Выбрать главу

Опытный охотник, Тимар быстро нашел проход в камышовых зарослях. Водоросли служили ему ориентиром. Где на поверхности воды колыхались листья кувшинок с зелено-белыми тюльпановидными цветами, там было глубоко и лодка проходила беспрепятственно. Там же, где по воде расстилался вязкий зеленый ковер, который при малейшем ударе веслом вспыхивал голубым пламенем и брызгал плесенью, — была топь, грозившая страшной гибелью каждому, кто попадал в ее зловонные владения.

Тому, кто не знает тайных знаков болотного мира, ничего не стоит заблудиться и потеряться в камышах.

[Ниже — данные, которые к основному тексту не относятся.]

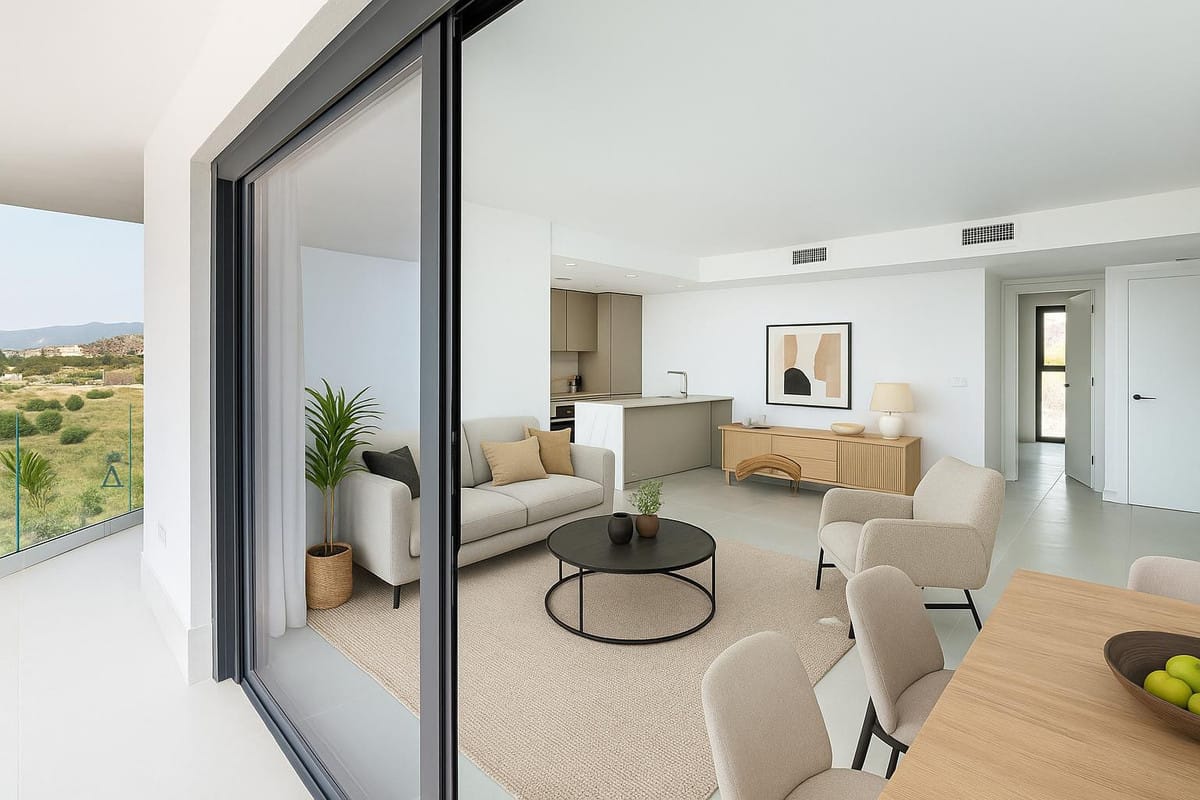 Brand-new and ready to move in! This elegant three-bedroom, two-bathroom apartment islocated on a high floor and stands out for its natural light, thanks to its corner position andexcellent southwest orientation. From the spacious 25 m² covered terrace, you can enjoysun all day long and breathtaking 180° open views of the sea and mountains. The layout isboth practical and welcoming, featuring an open-plan living and dining area connected toa fully equipped kitchen with high-quality finishes. The master bedroom includes an en-suite bathroom, while the other two bedrooms share a second full bathroom. Highlightsinclude double-glazed exterior carpentry, underfloor heating in the bathrooms, and anenergy-efficient aerothermal climate control system. Energy rating: A.

Пробившись сквозь заросли, Тимар внезапно увидел перед собой маленький кусочек суши. Это был еще совсем молодой наносный остров, не обозначенный даже на самых подробных судоходных картах.

В фарватере правого рукава Дуная громоздились высокие валуны, вокруг которых за многие годы образовались наносные отмели. В одно из половодий под напором реки льдины снесли береговые скалы соседнего острова Острава и увлекли массу земли и камня вместе с вывороченными деревьями на эту отмель за валунами. Так все это там и осталось. Затем, на протяжении полустолетия, каждой весной река все прибавляла земли, ила и камней. На плодородной илистой почве буйно разрастались молодые побеги, давая жизнь новому острову с пышной первобытной растительностью. Остров был ничей: не знал он ни власти помещика, ни королевских, ни божьих законов, не принадлежал ни к одной стране, ни к какому комитату, ни к одному из приходов. Много таких райских уголков рассеяно по турецко-сербской границе, где не пашут, не сеют, не косят, не пасут. Это привольный край диких цветов и непуганой дичи. И — кто знает? — чей это еще край, кто там еще обитает?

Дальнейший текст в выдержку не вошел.